» **Task directions**
Everything from the first line of the entries through the line containing "Mama Theresa´s Satin" is to be retyped exactly, and nothing beyond it.

━━━

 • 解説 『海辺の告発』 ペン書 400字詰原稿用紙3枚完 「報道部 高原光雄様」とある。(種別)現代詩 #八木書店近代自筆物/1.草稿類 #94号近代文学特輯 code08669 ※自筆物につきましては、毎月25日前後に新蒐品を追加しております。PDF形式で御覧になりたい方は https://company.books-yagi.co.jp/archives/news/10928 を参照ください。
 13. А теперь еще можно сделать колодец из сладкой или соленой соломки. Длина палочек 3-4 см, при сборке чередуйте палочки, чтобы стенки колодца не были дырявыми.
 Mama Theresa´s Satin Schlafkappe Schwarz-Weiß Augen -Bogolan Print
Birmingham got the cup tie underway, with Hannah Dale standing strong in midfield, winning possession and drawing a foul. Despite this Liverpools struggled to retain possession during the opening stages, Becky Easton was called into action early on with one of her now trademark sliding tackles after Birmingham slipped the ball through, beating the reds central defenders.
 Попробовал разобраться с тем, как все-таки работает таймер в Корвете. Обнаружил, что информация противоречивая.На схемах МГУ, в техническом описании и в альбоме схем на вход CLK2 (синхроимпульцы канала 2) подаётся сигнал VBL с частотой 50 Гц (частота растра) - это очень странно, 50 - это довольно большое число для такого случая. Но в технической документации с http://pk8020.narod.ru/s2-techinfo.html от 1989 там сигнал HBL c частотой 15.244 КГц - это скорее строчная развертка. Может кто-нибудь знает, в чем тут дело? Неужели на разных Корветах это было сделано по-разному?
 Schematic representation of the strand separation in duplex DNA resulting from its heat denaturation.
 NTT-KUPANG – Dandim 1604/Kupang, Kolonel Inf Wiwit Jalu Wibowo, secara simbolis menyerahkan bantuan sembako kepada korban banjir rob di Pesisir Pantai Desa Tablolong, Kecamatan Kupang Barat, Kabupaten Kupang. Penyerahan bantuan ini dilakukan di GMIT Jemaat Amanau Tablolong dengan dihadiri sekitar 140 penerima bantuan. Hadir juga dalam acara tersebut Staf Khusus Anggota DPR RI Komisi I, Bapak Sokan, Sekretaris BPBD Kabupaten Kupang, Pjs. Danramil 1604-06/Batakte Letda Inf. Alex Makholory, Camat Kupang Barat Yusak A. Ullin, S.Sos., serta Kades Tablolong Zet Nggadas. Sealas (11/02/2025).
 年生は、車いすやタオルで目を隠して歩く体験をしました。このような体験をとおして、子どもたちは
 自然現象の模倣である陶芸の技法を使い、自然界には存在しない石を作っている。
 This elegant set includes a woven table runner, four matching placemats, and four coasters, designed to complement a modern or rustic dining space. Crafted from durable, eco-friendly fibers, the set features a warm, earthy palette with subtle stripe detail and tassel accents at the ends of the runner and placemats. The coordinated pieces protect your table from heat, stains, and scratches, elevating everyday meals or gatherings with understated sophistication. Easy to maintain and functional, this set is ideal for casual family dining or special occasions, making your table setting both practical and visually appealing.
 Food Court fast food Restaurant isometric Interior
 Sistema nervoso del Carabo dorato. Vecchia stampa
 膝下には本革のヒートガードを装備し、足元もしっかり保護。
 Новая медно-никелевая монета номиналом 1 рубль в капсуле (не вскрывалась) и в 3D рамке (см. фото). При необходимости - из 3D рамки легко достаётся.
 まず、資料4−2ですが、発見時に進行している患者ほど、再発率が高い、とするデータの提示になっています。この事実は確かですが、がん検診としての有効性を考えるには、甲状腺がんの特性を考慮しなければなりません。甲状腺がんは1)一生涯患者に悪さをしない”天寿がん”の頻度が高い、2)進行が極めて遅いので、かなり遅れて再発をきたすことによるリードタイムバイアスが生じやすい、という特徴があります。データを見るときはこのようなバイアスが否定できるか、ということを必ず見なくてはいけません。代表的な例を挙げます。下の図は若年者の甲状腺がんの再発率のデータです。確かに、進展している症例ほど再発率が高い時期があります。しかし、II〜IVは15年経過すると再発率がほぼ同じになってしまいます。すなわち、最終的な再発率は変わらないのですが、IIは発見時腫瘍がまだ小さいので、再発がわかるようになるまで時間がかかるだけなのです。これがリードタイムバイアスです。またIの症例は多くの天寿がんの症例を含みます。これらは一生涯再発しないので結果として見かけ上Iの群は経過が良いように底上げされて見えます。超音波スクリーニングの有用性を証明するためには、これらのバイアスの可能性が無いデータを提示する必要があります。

━━━

» **Solution**
 • 解説 『海辺の告発』 ペン書 400字詰原稿用紙3枚完 「報道部 高原光雄様」とある。(種別)現代詩 #八木書店近代自筆物/1.草稿類 #94号近代文学特輯 code08669 ※自筆物につきましては、毎月25日前後に新蒐品を追加しております。PDF形式で御覧になりたい方は https://company.books-yagi.co.jp/archives/news/10928 を参照ください。
 13. А теперь еще можно сделать колодец из сладкой или соленой соломки. Длина палочек 3-4 см, при сборке чередуйте палочки, чтобы стенки колодца не были дырявыми.
 Mama Theresa´s Satin Schlafkappe Schwarz-Weiß Augen -Bogolan Print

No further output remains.